YOUR TASK :: Keep the lines exact and the pictures out as you repeat the following listing.

LISTED ENTRIES ::
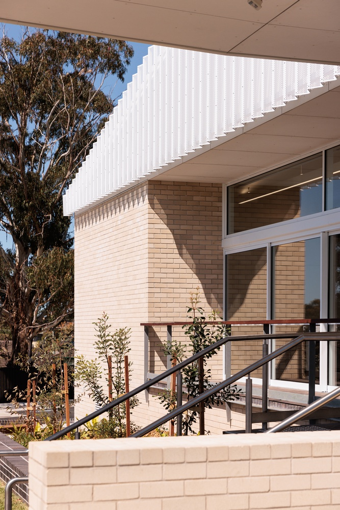 Sustainable design principles play a significant role in the Windale Hub’s architecture. Natural ventilation, passive cooling strategies, and locally sourced materials contribute to the building’s low environmental impact. The use of perforated metal screens not only enhances aesthetics but also provides effective sun shading, reducing heat gain and improving energy efficiency.
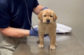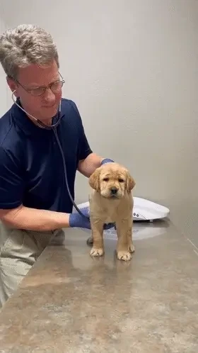 생애 첫 동물병원을 찾은 래브라도 리트리버 아기의 얼굴에는 온통 혼란스러움이 가득했습니다.
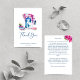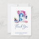 Bougainvillea carte de remerciement bleu et blanc pour une fête prénuptiale sur le thème Méditerranéen
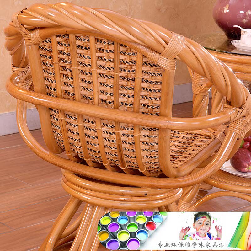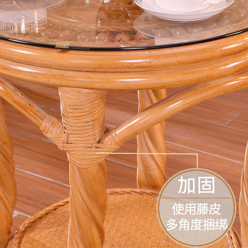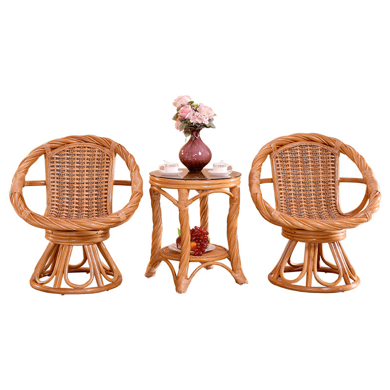 Outdoor natural rattan chair three-piece set rotating single old-fashioned balcony table and chair pure Teng woven leisure chair coffee table combination
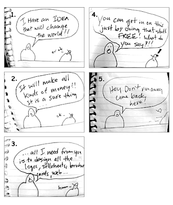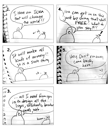 You will find funny (hilarious) blogs all over the internet written by frustrated designers who have to deal with this sort of thing on a daily basis. Even though my primary work is as a photographer, I have had people ask me to do work - for free - with some future promise of business if "things go well." Most designers have a story about somebody trying to get free stuff. The comic I listed above courtesy of designer James Tadeo's

RESPONSE FOR THIS EXERCISE ::
 Sustainable design principles play a significant role in the Windale Hub’s architecture. Natural ventilation, passive cooling strategies, and locally sourced materials contribute to the building’s low environmental impact. The use of perforated metal screens not only enhances aesthetics but also provides effective sun shading, reducing heat gain and improving energy efficiency.
 생애 첫 동물병원을 찾은 래브라도 리트리버 아기의 얼굴에는 온통 혼란스러움이 가득했습니다.
 Bougainvillea carte de remerciement bleu et blanc pour une fête prénuptiale sur le thème Méditerranéen
 Outdoor natural rattan chair three-piece set rotating single old-fashioned balcony table and chair pure Teng woven leisure chair coffee table combination
 You will find funny (hilarious) blogs all over the internet written by frustrated designers who have to deal with this sort of thing on a daily basis. Even though my primary work is as a photographer, I have had people ask me to do work - for free - with some future promise of business if "things go well." Most designers have a story about somebody trying to get free stuff. The comic I listed above courtesy of designer James Tadeo's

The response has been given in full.